Work request: The material below holds pictures; leave them out, and copy exactly, and only, the lines from the one with "Подписанты просят следственный" through the last.

Given information:
::::::::::
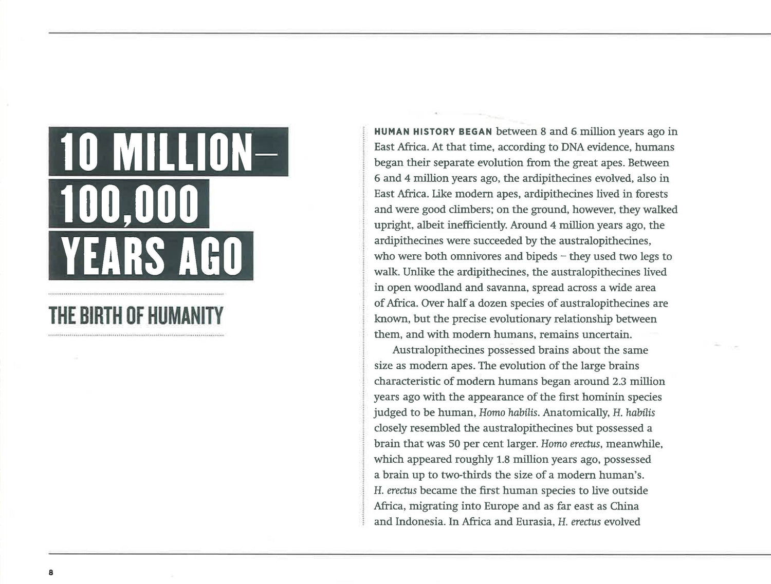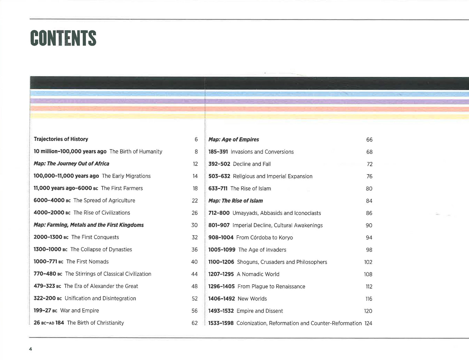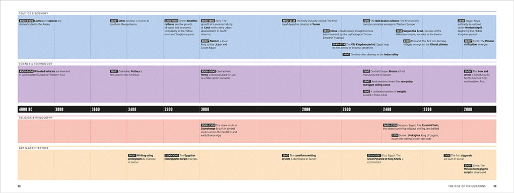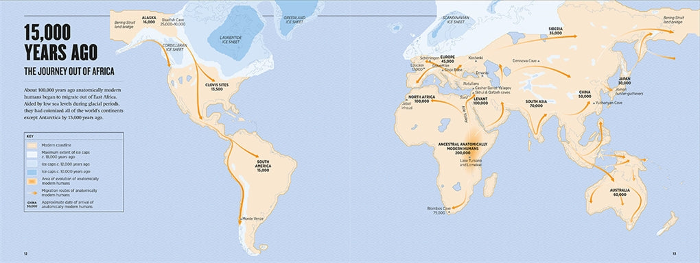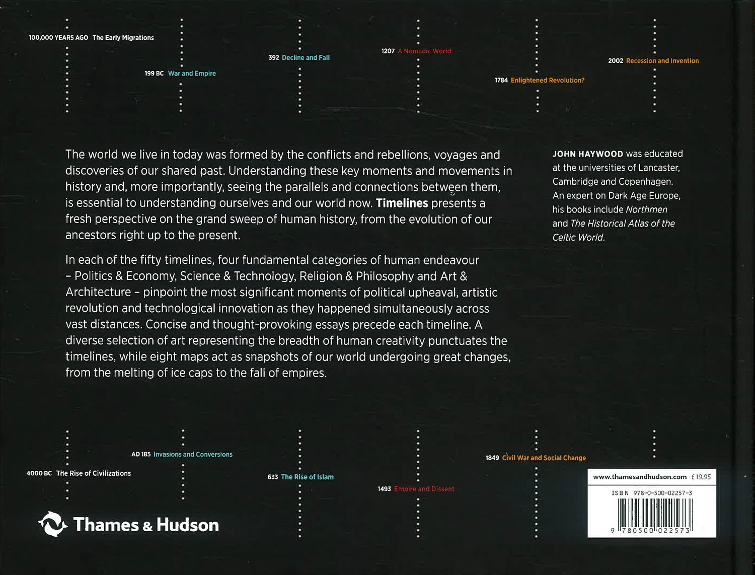 John Haywood presents a grand sweep of global history in an immediately accessible format via concise, insightful and engaging text summaries alongside timelines, maps and illustrations. There are 50 sections, each dealing with significant moments in the human story from the origins of our first ancestors right up to the present day. A short essay introduces and summarizes the most important political and cultural landmarks with a clear timeline then presenting events in four categories: Politics & Economy, Religion & Philosophy, Science & Technology and Arts & Architecture. Maps revealing the changes in our physical world at key junctures in human history as well as galleries of images illustrating the rich and diverse products of our cultural heritage, offer a visual path through time.
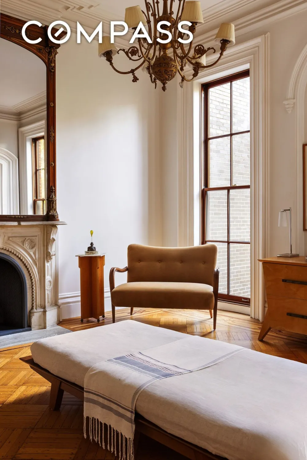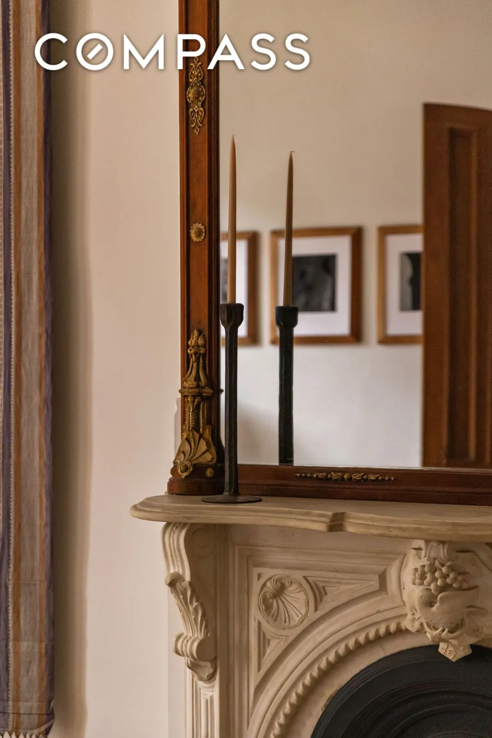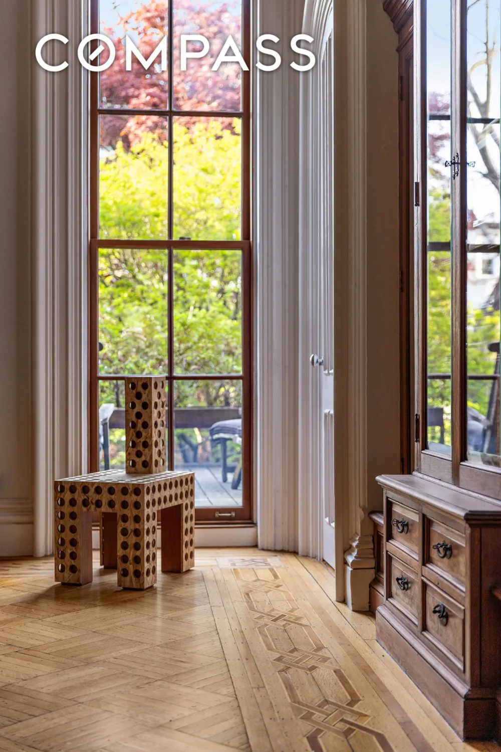 Original parquet floors, decorative marble fireplaces and mantelpieces, crown moldings and medallions, etched glass, walnut banisters, and pier mirrors now shine with exquisite care. The restored Italianate foundations are complemented by historically accurate customizations: 18 custom-built windows with mahogany frames, including double-height casements on the parlor level; foyer stone cut from the last slab of marble remaining from the lobby of the Empire State Building. Rewired chandeliers hang from over 12’ ceilings on the parlor floor, giving the home a quality of suspended light and space rare even amongst its fellow 20’ townhouses.
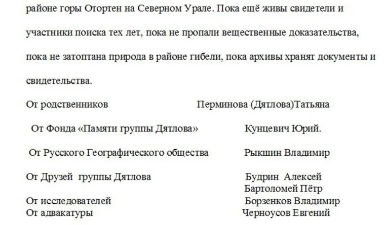 Подписанты просят следственный комитет возобновить расследование уголовного дела о гибели туристов-дятловцев, прекращенное в 1959 году. «Пока еще живы свидетели и участника поиска тех лет, пока не пропали вещественные доказательства, пока не затоптана природа в районе гибели, пока архивы хранят документы и свидетельства», — говорится в письме.
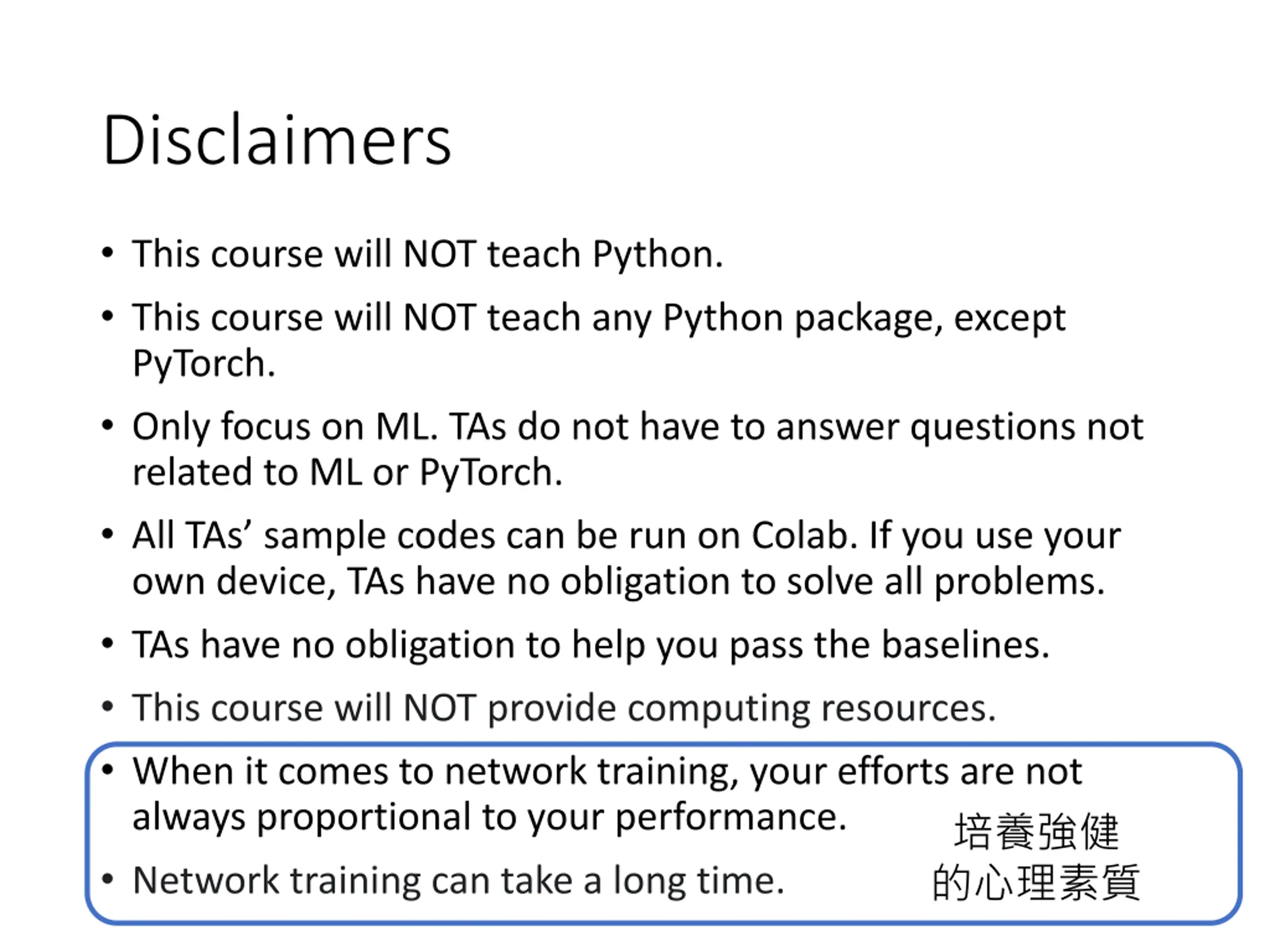 Disclaimers This course will NOT teach Python. This course will NOT teach any Python package, except PyTorch. Only focus on ML. TAs do not have to answer questions not related to ML or PyTorch. All TAs sample codes can be run on Colab. If you use your own device, TAs have no obligation to solve all problems. TAs have no obligation to help you pass the baselines. This course will NOT provide computing resources. When it comes to network training, your efforts are not always proportional to your performance. Network training can take a long time.
::::::::::
Written response:
 Подписанты просят следственный комитет возобновить расследование уголовного дела о гибели туристов-дятловцев, прекращенное в 1959 году. «Пока еще живы свидетели и участника поиска тех лет, пока не пропали вещественные доказательства, пока не затоптана природа в районе гибели, пока архивы хранят документы и свидетельства», — говорится в письме.
 Disclaimers This course will NOT teach Python. This course will NOT teach any Python package, except PyTorch. Only focus on ML. TAs do not have to answer questions not related to ML or PyTorch. All TAs sample codes can be run on Colab. If you use your own device, TAs have no obligation to solve all problems. TAs have no obligation to help you pass the baselines. This course will NOT provide computing resources. When it comes to network training, your efforts are not always proportional to your performance. Network training can take a long time.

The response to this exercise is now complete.